What needs to be done —
From the entries below, return only the lines starting at the one that contains "మిగతా 2 లోకం.." and ending at the one that contains "మన ప్రజాగళం, న్యూఢిల్లీ", exactly as they stand.

Records —
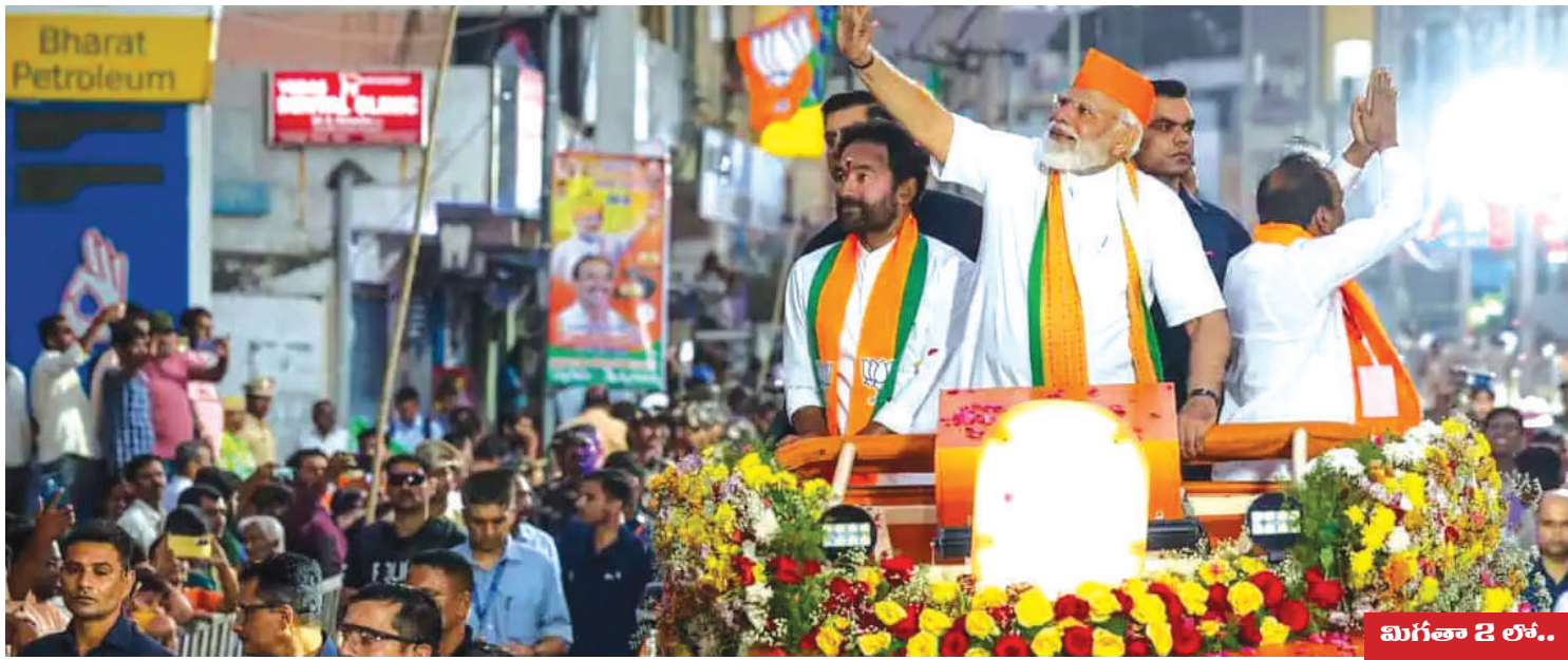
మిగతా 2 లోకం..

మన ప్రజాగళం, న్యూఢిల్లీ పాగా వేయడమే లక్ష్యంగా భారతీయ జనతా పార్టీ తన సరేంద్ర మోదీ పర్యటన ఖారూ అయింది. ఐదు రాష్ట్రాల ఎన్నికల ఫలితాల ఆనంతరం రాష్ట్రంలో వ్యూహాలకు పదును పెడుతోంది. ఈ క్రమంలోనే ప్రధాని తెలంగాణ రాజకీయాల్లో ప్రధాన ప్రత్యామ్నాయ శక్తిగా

...

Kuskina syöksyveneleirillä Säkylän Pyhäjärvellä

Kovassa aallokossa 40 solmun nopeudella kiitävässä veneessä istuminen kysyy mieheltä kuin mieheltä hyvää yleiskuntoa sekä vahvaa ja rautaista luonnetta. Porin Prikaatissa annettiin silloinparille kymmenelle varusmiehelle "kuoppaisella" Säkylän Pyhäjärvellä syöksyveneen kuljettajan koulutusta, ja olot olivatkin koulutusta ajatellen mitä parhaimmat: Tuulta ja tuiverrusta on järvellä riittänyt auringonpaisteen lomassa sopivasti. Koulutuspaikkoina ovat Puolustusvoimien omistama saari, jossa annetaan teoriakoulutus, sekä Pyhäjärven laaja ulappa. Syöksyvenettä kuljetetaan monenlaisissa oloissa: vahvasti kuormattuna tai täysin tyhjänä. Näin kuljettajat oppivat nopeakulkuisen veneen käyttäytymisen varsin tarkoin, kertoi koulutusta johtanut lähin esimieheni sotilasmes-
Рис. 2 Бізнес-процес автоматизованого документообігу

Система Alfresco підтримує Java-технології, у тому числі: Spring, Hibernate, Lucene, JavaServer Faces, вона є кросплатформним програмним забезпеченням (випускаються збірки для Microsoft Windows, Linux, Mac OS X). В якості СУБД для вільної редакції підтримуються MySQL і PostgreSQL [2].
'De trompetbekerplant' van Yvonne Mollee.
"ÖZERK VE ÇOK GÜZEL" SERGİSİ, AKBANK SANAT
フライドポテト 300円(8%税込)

* * *

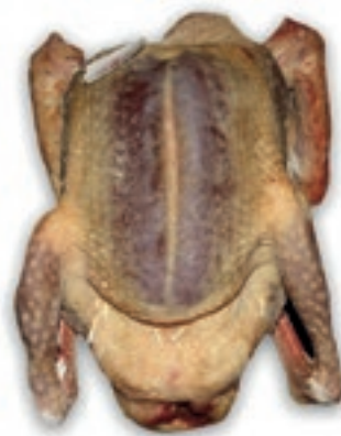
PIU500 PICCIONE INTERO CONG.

Response to this exercise —
మిగతా 2 లోకం..

మన ప్రజాగళం, న్యూఢిల్లీ పాగా వేయడమే లక్ష్యంగా భారతీయ జనతా పార్టీ తన సరేంద్ర మోదీ పర్యటన ఖారూ అయింది. ఐదు రాష్ట్రాల ఎన్నికల ఫలితాల ఆనంతరం రాష్ట్రంలో వ్యూహాలకు పదును పెడుతోంది. ఈ క్రమంలోనే ప్రధాని తెలంగాణ రాజకీయాల్లో ప్రధాన ప్రత్యామ్నాయ శక్తిగా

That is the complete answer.